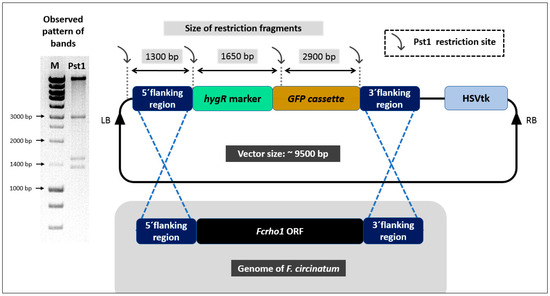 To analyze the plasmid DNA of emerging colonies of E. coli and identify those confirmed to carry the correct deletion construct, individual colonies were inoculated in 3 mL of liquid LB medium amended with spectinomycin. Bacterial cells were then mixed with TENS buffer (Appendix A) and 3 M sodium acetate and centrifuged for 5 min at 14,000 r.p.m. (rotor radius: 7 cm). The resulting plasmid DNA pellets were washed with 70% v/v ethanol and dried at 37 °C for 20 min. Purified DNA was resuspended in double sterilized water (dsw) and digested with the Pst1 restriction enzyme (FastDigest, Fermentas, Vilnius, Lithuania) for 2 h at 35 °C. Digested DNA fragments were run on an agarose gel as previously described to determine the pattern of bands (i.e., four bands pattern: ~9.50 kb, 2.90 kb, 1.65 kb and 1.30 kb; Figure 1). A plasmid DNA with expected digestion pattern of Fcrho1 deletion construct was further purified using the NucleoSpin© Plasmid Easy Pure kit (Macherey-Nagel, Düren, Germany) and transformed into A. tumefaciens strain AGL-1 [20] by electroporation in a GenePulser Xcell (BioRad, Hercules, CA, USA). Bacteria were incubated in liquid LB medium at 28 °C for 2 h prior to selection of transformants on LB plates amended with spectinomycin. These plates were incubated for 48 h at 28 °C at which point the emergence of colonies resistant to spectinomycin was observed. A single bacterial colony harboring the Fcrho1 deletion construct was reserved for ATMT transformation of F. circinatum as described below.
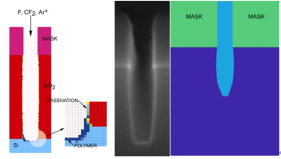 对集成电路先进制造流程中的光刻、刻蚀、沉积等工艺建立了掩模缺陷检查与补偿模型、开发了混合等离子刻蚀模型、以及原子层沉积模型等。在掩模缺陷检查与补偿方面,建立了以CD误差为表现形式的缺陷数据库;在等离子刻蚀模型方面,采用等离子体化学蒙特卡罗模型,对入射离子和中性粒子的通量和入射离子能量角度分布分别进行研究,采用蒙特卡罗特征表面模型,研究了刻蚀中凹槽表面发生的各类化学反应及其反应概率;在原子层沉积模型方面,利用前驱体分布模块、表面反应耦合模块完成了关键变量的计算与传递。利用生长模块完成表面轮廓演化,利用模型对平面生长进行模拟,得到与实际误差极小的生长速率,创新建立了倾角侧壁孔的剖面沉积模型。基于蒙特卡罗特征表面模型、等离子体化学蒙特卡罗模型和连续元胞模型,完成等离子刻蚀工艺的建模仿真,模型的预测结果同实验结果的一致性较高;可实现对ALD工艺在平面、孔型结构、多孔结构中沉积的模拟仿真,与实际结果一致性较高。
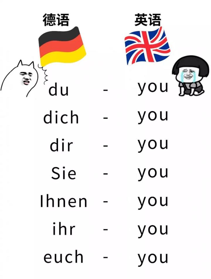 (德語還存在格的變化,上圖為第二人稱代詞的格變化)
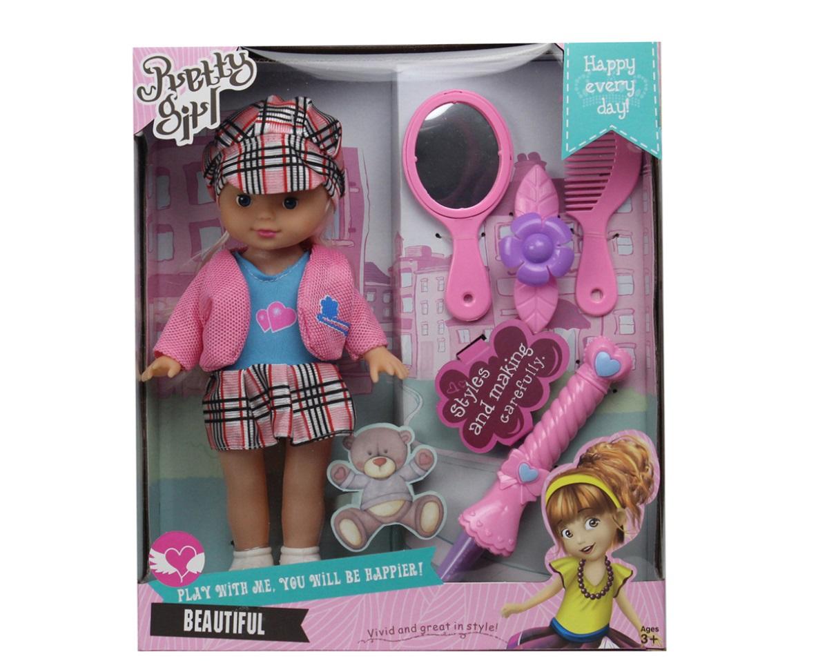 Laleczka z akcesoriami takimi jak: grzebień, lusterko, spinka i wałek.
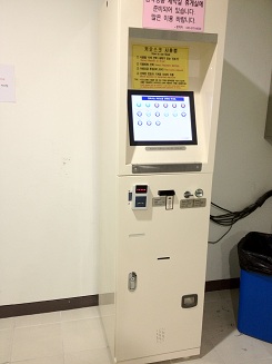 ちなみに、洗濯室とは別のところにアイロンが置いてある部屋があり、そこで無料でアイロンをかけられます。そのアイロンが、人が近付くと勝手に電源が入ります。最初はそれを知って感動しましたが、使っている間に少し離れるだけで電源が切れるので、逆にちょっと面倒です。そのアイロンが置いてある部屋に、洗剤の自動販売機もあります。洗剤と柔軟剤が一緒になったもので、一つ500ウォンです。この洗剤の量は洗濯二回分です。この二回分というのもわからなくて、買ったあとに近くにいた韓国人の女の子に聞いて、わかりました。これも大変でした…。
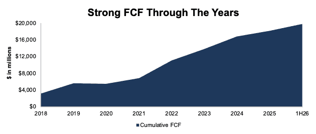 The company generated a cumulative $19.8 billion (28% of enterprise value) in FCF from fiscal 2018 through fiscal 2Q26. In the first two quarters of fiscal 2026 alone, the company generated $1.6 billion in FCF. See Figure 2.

--------------------

YOUR INSTRUCTIONS:
Every record above must be copied exactly, and no picture may appear in the copy.

RESULT OF THE TASK:
 To analyze the plasmid DNA of emerging colonies of E. coli and identify those confirmed to carry the correct deletion construct, individual colonies were inoculated in 3 mL of liquid LB medium amended with spectinomycin. Bacterial cells were then mixed with TENS buffer (Appendix A) and 3 M sodium acetate and centrifuged for 5 min at 14,000 r.p.m. (rotor radius: 7 cm). The resulting plasmid DNA pellets were washed with 70% v/v ethanol and dried at 37 °C for 20 min. Purified DNA was resuspended in double sterilized water (dsw) and digested with the Pst1 restriction enzyme (FastDigest, Fermentas, Vilnius, Lithuania) for 2 h at 35 °C. Digested DNA fragments were run on an agarose gel as previously described to determine the pattern of bands (i.e., four bands pattern: ~9.50 kb, 2.90 kb, 1.65 kb and 1.30 kb; Figure 1). A plasmid DNA with expected digestion pattern of Fcrho1 deletion construct was further purified using the NucleoSpin© Plasmid Easy Pure kit (Macherey-Nagel, Düren, Germany) and transformed into A. tumefaciens strain AGL-1 [20] by electroporation in a GenePulser Xcell (BioRad, Hercules, CA, USA). Bacteria were incubated in liquid LB medium at 28 °C for 2 h prior to selection of transformants on LB plates amended with spectinomycin. These plates were incubated for 48 h at 28 °C at which point the emergence of colonies resistant to spectinomycin was observed. A single bacterial colony harboring the Fcrho1 deletion construct was reserved for ATMT transformation of F. circinatum as described below.
 对集成电路先进制造流程中的光刻、刻蚀、沉积等工艺建立了掩模缺陷检查与补偿模型、开发了混合等离子刻蚀模型、以及原子层沉积模型等。在掩模缺陷检查与补偿方面,建立了以CD误差为表现形式的缺陷数据库;在等离子刻蚀模型方面,采用等离子体化学蒙特卡罗模型,对入射离子和中性粒子的通量和入射离子能量角度分布分别进行研究,采用蒙特卡罗特征表面模型,研究了刻蚀中凹槽表面发生的各类化学反应及其反应概率;在原子层沉积模型方面,利用前驱体分布模块、表面反应耦合模块完成了关键变量的计算与传递。利用生长模块完成表面轮廓演化,利用模型对平面生长进行模拟,得到与实际误差极小的生长速率,创新建立了倾角侧壁孔的剖面沉积模型。基于蒙特卡罗特征表面模型、等离子体化学蒙特卡罗模型和连续元胞模型,完成等离子刻蚀工艺的建模仿真,模型的预测结果同实验结果的一致性较高;可实现对ALD工艺在平面、孔型结构、多孔结构中沉积的模拟仿真,与实际结果一致性较高。
 (德語還存在格的變化,上圖為第二人稱代詞的格變化)
 Laleczka z akcesoriami takimi jak: grzebień, lusterko, spinka i wałek.
 ちなみに、洗濯室とは別のところにアイロンが置いてある部屋があり、そこで無料でアイロンをかけられます。そのアイロンが、人が近付くと勝手に電源が入ります。最初はそれを知って感動しましたが、使っている間に少し離れるだけで電源が切れるので、逆にちょっと面倒です。そのアイロンが置いてある部屋に、洗剤の自動販売機もあります。洗剤と柔軟剤が一緒になったもので、一つ500ウォンです。この洗剤の量は洗濯二回分です。この二回分というのもわからなくて、買ったあとに近くにいた韓国人の女の子に聞いて、わかりました。これも大変でした…。
 The company generated a cumulative $19.8 billion (28% of enterprise value) in FCF from fiscal 2018 through fiscal 2Q26. In the first two quarters of fiscal 2026 alone, the company generated $1.6 billion in FCF. See Figure 2.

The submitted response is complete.